Em 2018, enquanto a Igreja Mundial do Poder de Deus enfrentava quase dois anos de cobranças judiciais por aluguéis atrasados de um templo em Cotia (SP), seu fundador, Valdemiro Santiago, gastava R$ 12 milhões em um avião particular. Este episódio, embora tenha ocorrido há seis anos, continua a ser um símbolo das controvérsias que cercam a instituição.
A Igreja Mundial atravessa sua pior crise financeira, com dívidas e uma enxurrada de processos judiciais. Um levantamento exclusivo do UOL revela que, só no estado de São Paulo, a igreja enfrenta pelo menos 686 ações de cobrança, a maioria por inadimplência nos aluguéis de seus templos.
A crise e a confusão de patrimônios
Nos processos, é comum a dificuldade dos credores em receber os valores devidos. Em muitos casos, os juízes identificaram indícios de confusão entre os bens pessoais de Valdemiro Santiago e os da igreja, levando a crer que a instituição oculta seus patrimônios em nome do fundador para dificultar a satisfação dos credores.
“É irretorquível a confusão decorrente da ausência de separação de fato entre os patrimônios”, declarou o desembargador Guilherme Ferreira da Cruz em janeiro de 2023. “Tudo leva a crer que a executada [a Igreja] oculta seu patrimônio na pessoa do réu [Valdemiro]”, corroborou o juiz Armando da Silva Júnior em agosto de 2022.
A defesa de Valdemiro Santiago
Valdemiro Santiago nega veementemente qualquer confusão entre seus bens pessoais e os da igreja, afirmando que não possui mais ligação com a administração da Mundial, atuando apenas como fundador e prestador de serviços espirituais. Atualmente, a presidência da igreja é ocupada pelo bispo paraense Roberto Santana da Silva.
Apesar das declarações, a quebra do sigilo bancário de Valdemiro em 2021, autorizada pela juíza Mônica Di Stasi, revelou movimentações financeiras que sugerem o contrário. Em um dos casos, a igreja pagou uma dívida de cerca de R$ 55 mil antes que a medida fosse concretizada, levando ao encerramento do processo.
Um patrimônio luxuoso
Apesar da crise financeira da igreja, Valdemiro Santiago mantém um estilo de vida luxuoso. Em 2020, seu salário líquido mensal foi de R$ 100 mil, e ele encerrou o ano com um patrimônio avaliado em R$ 21 milhões.

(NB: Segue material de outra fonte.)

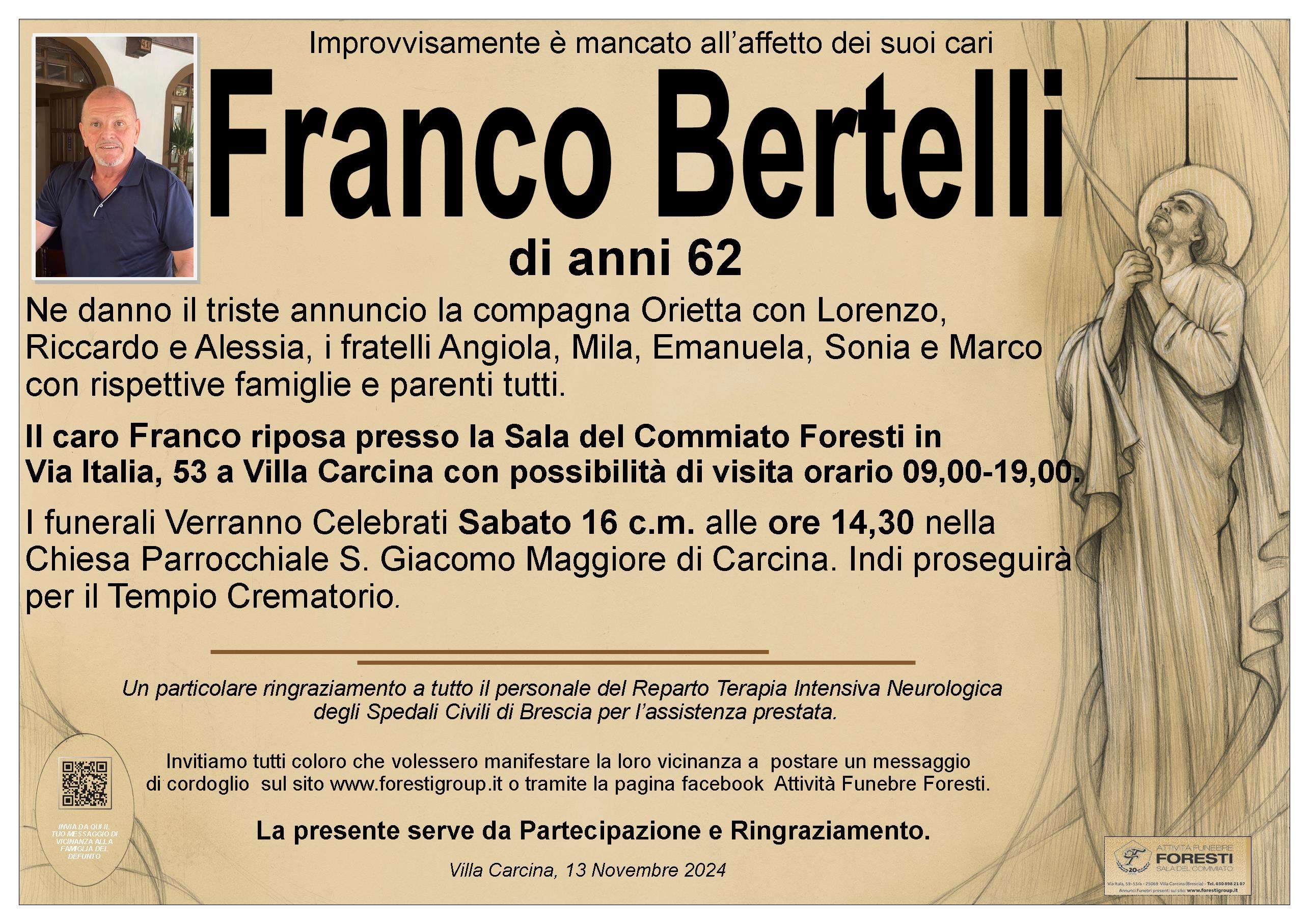 Con profondo sconforto apprendo la dipartita di Franco.. Alla sorella Emanuela e fratelli tutti con i familiari porgo il mio cordoglio. Vi abbraccio e vi sono vicina. Daniela Pini ???????????? Ponte Zanano Bs

O Ministério Público Federal listou diversos bens em nome do pastor, incluindo lanchas, motos aquáticas, e o avião de R$ 12 milhões comprado pela Intertevê Serviços Ltda., empresa da qual é sócio junto com sua esposa, a bispa Franciléia de Oliveira.
A propriedade de Valdemiro se estende a seis empresas, mais quatro filiais, abrangendo produção televisiva e musical, táxi aéreo e locação de aeronaves. Sua família também está envolvida nos negócios, com a esposa e a filha, Raquel Santiago, figurando como sócias.
Dívidas e ações judiciais
A igreja enfrenta inúmeros processos por inadimplência, incluindo uma ação da Prefeitura de Ilhabela por não pagamento de IPTU de uma mansão usada por Valdemiro. Em fevereiro de 2023, foi firmado um acordo para pagamento da dívida de R$ 349 mil, que corrigida, chegou a R$ 2,5 milhões.

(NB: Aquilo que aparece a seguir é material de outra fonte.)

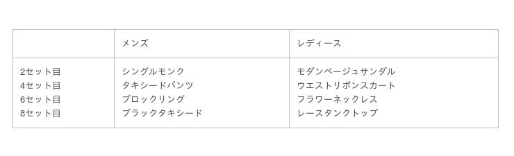 ・10回プレイ時、2・4・6・8セット目は新作ウェアが確定!

A estratégia de não pagar aluguéis é recorrente, conforme relatos de ex-integrantes da igreja. A orientação vinha dos líderes regionais e bispos, que priorizavam o envio de todo o dízimo arrecadado para São Paulo, principalmente para pagar transmissões televisivas.
A “Igreja Fantasma”
Diante das inúmeras ações judiciais, a igreja passou a usar um CNPJ diferente para receber doações, registrado sob o nome “Mais que Vencedores”. Advogados de credores alegam que essa instituição foi criada para evitar a penhora de bens durante as cobranças.
A reportagem do UOL tentou entrar em contato com a Mundial e Valdemiro Santiago para obter comentários sobre as dívidas e as acusações, mas não obteve resposta. Nos processos, Valdemiro afirma não ser responsável pelas dívidas da igreja, classificando-se apenas como um prestador de serviços espirituais.
A resposta da igreja
Mesmo com a troca de presidência, Valdemiro Santiago continua sendo a principal voz da Igreja Mundial do Poder de Deus. A instituição segue enfrentando novas ações judiciais, com três processos abertos por credores somente na primeira quinzena de junho de 2023.
A situação da Igreja Mundial do Poder de Deus evidencia um complexo cenário de confusão patrimonial e gestão financeira questionável, que continua a desafiar a credibilidade e a estabilidade da instituição.